Instantly, I know I’m in trouble. They’ve been here too long, the Gamemakers. Sat through twenty-three other demonstrations.
Had too much wine, most of them. Want more than anything to go home.
There’s nothing I can do but continue with the plan. I walk to the archery station. Oh, the weapons! I’ve been itching to get my hands on them for days! Bows made of wood and plastic and metal and materials I can’t even name. Arrows with feathers cut in flawless uniform lines. I choose a bow, string it, and sling the matching quiver of arrows over my shoulder. There’s a shooting range, but it’s much too limited. Standard bull’s-eyes and human silhouettes. I walk to the center of the gymnasium and pick my first target. The dummy used for knife practice. Even as I pull back on the bow I know something is wrong. The string’s tighter than the one I use at home. The arrow’s more rigid. I miss the dummy by a couple of inches and lose what little attention I had been commanding. For a moment, I’m humiliated, then I head back to the bull’s-eye. I shoot again and again until I get the feel of these new weapons.

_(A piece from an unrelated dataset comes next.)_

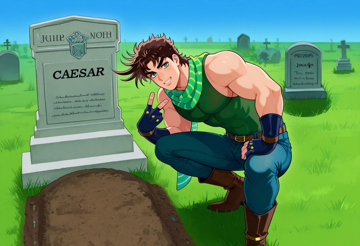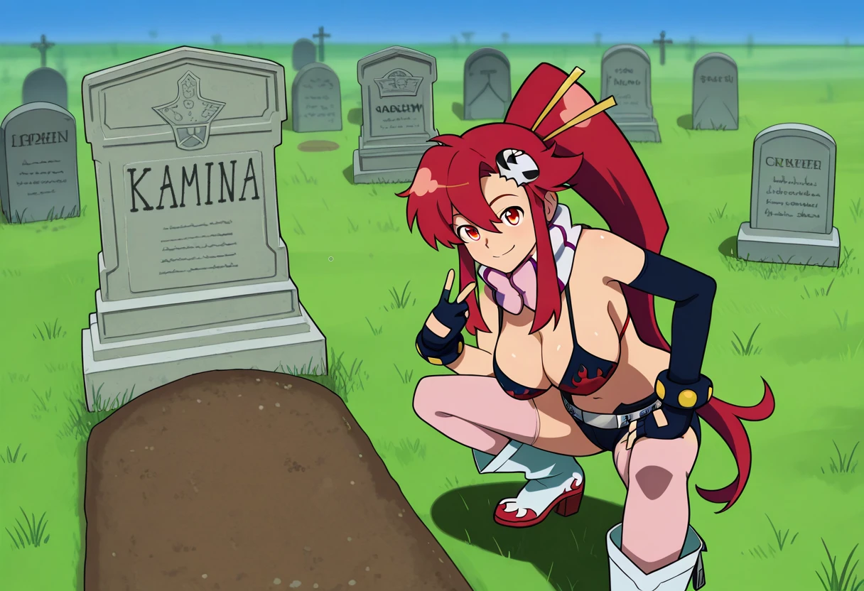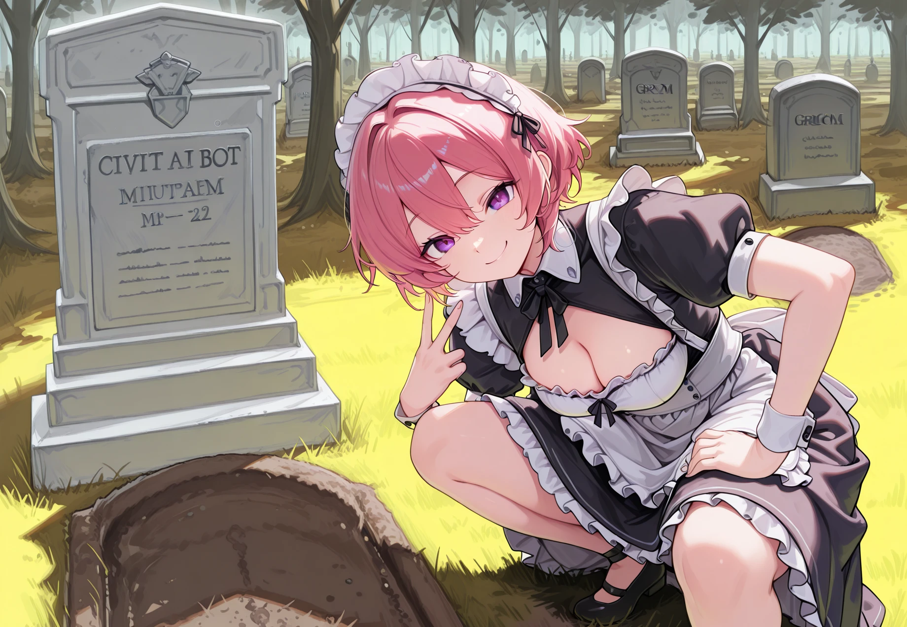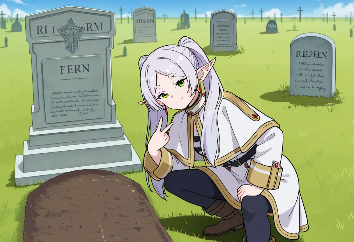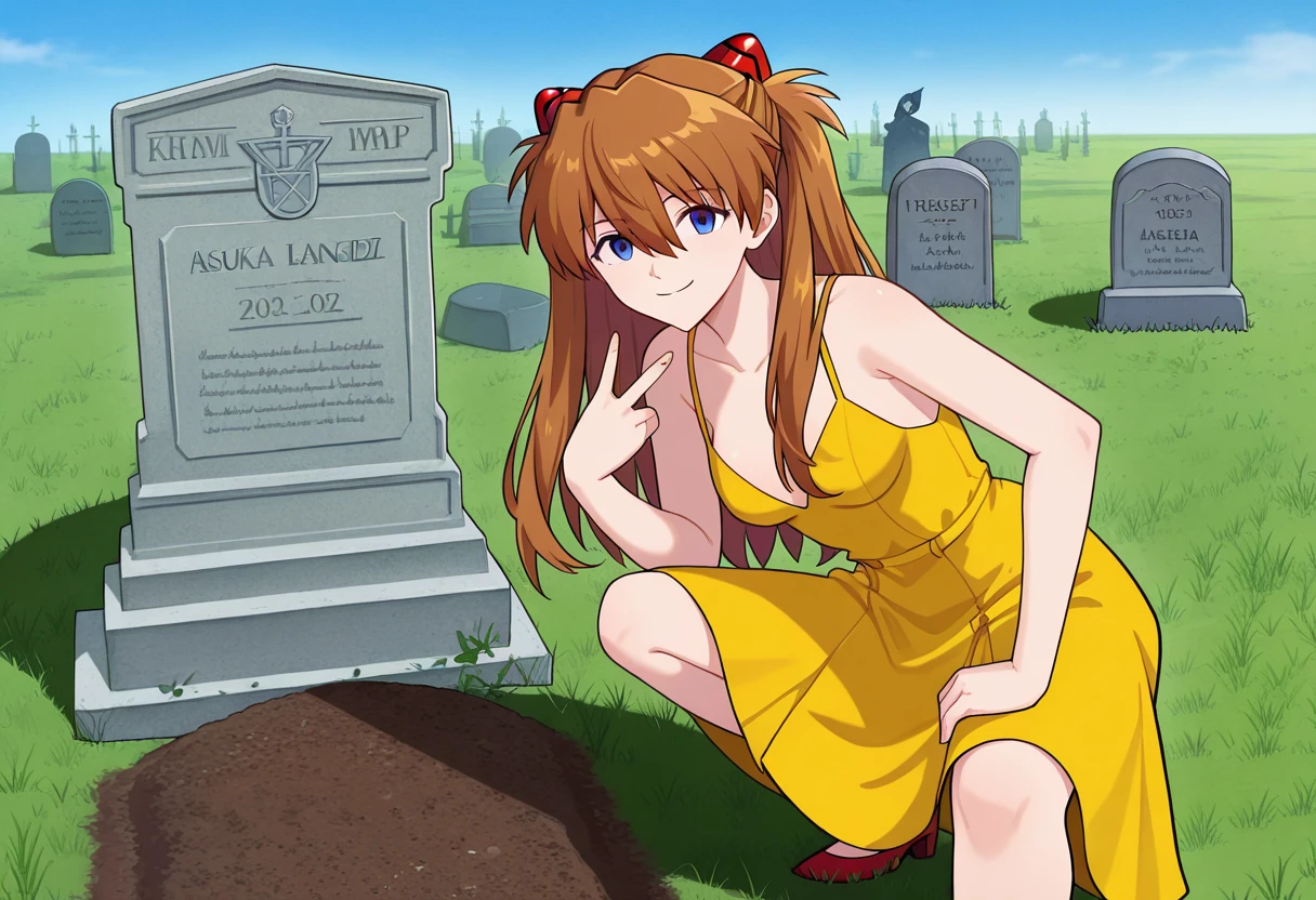 squatting, v, looking at viewer, smile, grave, tombstone,

Back in the center of the gymnasium, I take my initial position and skewer the dummy right through the heart. Then I sever the rope that holds the sandbag for boxing, and the bag splits open as it slams to the ground. Without pausing, I shoulder-roll forward, come up on one knee, and send an arrow into one of the hanging lights high above the gymnasium floor. A shower of sparks bursts from the fixture.
It’s excellent shooting. I turn to the Gamemakers. A few are nodding approval, but the majority of them are fixated on a roast pig that has just arrived at their banquet table.
Suddenly I am furious, that with my life on the line, they don’t even have the decency to pay attention to me. That I’m being upstaged by a dead pig. My heart starts to pound, I can feel my face burning. Without thinking, I pull an arrow from my quiver and send it straight at the Gamemakers’ table. I hear shouts of alarm as people stumble back. The arrow skewers the apple in the pig’s mouth and pins it to the wall behind it.
Everyone stares at me in disbelief.
“Thank you for your consideration,” I say. Then I give a slight bow and walk straight toward the exit without being dismissed.